リリアーナの嫌がらせ? 本当に子供っぽいことをするのね。
私は顔を上げ、柔らかく微笑んだ。
「本当に、リリアーナの摘んでくれた苺は甘いわ。特に、この小さな苺が」
「えっ……いえ、それは……」
「ほら。リリアーナも食べてみて。せっかくですもの」
「いらないわ! それはお姉様のために摘んだものですから」
「とっても美味しい苺だから、独り占めなんかできないわ。ほら、ルシアン様も召し上がれ。だって、可愛いリリアーナが摘んだ苺ですよ?」
ルシアン様の味覚は、あれ以来ずっと戻っていない。だから、リリアーナが摘んだというだけで、疑いもせず美味しそうに食べた。

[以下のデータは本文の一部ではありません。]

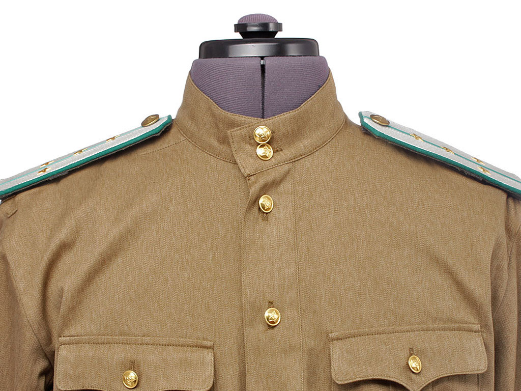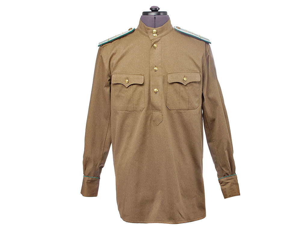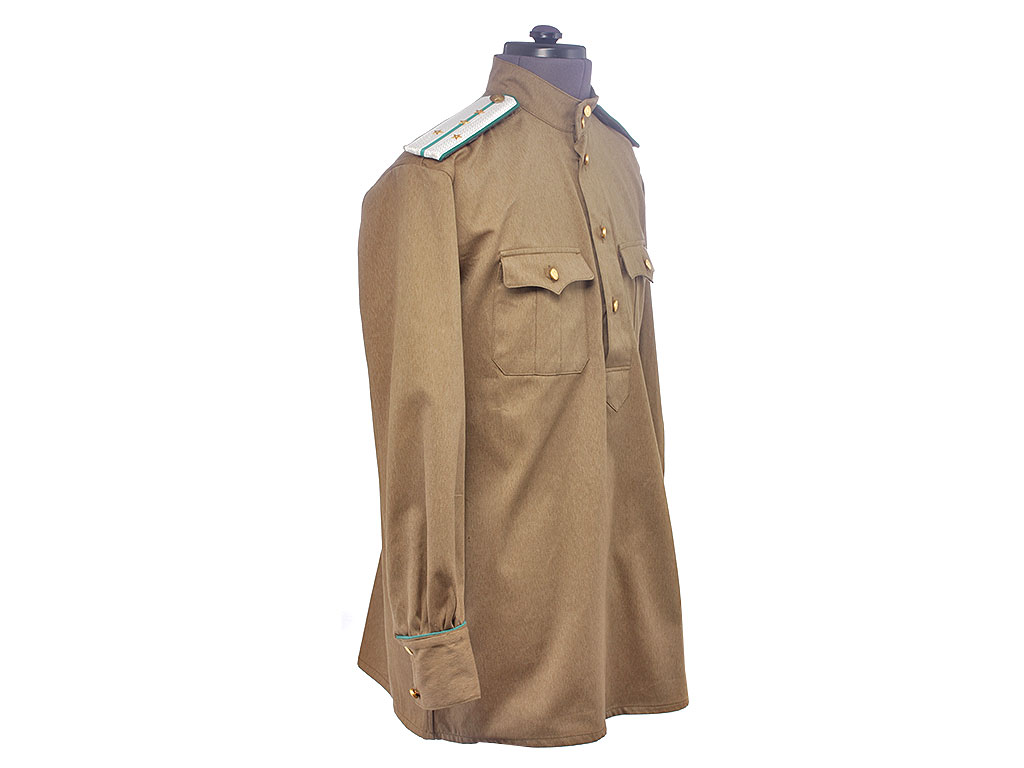 Гимнастерка с мягким стоячим воротником, застегивающимся на две форменные пуговицы малого размера. Передний разрез гимнастерки прикрыт планкой и имеет открытую застежку на трех малых форменных пуговицах. На груди два накладных кармана с трехмысковыми клапанами и бантовой складкой, с застёжкой на одну малую форменную пуговицу.

「うん、すっごく美味しいよ。さすがは、リリアーナが自ら摘んだ苺だ」
「でしょう? リリアーナは苺摘みがとても上手だわ。さぁ、召し上がれ」
リリアーナは渋々、私が差し出したすっぱい苺を口に入れた。
途端に、きゅっとすぼむ口元。
それでも、「すっぱい」とは言えない。
「お、美味しいですわ……とても、甘いです」
すっかり涙目になっている。
ルシアン様が、何度も勧めたからだ。
(……彼も、たまには良いことをするのね)
「こんなに美味しい苺ですもの。私は少しだけでいいわ。上の大きな苺だけいただくわ。小さな苺はリリアーナにあげるわね。だって、小粒のほうが量もあって、甘いでしょう?」
私はにっこり笑って、ジャム用苺が入った籠を、リリアーナに手渡した。
「あぁ、それは良い考えだね。リリアーナ、良かったね」
ルシアン様は上機嫌で、リリアーナは、不満げな顔を隠しきれないまま帰っていった。
あの、すっぱい苺の籠を抱えて……。
◆◇◆
一部始終を見ていた薬達が声をあげた。
「雪鈴さまぁー。大丈夫? 本当に、あの子って意地悪ねぇー。でも、すっぱい苺を食べさせたのは、スカッとしたわぁー。いつも、嫌がらせが成功すると思ったら大間違いよー」
「手の込んだことをしやがる。それに、あの男。いけすかないったらありゃしねぇ。リリアーナのこと、褒めてたね……きもっ!」
「ルシアン様はね。あれが通常運転なのよ。いつだって、リリアーナの味方なの」
「僕、むかつくー! 見る目がなさすぎるよ。凜とした美しさがある雪鈴さまの良さがわからないなんて、目が見えてないんだね」
お世辞でも嬉しい。薬たちは私を和ませたり、励ましてくれる。
それからしばらくして、王太子様付きの侍女が訪れた。
「王太子様はセシリア様を、いつも気にかけておりますよ。こちらは王太子様からです」
侍女はオレンジが入った籠を差し出した。
「まあ、嬉しいわ。オレンジは大好きなフルーツですわ」
私は丁寧にお礼を言うと「また、参りますね」と言いながら彼女は去っていった。
部屋にいい香りが満ちて、心がゆっくりとほどけていく。籠の底には小さな紙が。そこには『絶対に助けるよ』と書かれていた。思わず頬が緩み、心がぽかぽかと暖かくなる。
「王太子さま、優しいわねー。私、王太子さま、好きだなぁー」
「うん、僕も好き。雪鈴さまを大事にしてくれるからね」
「俺も好きだぞ! 早く助けに来いよー」
ベッドに入っても、しばらく楽しい薬たちのおしゃべりを聞いていた。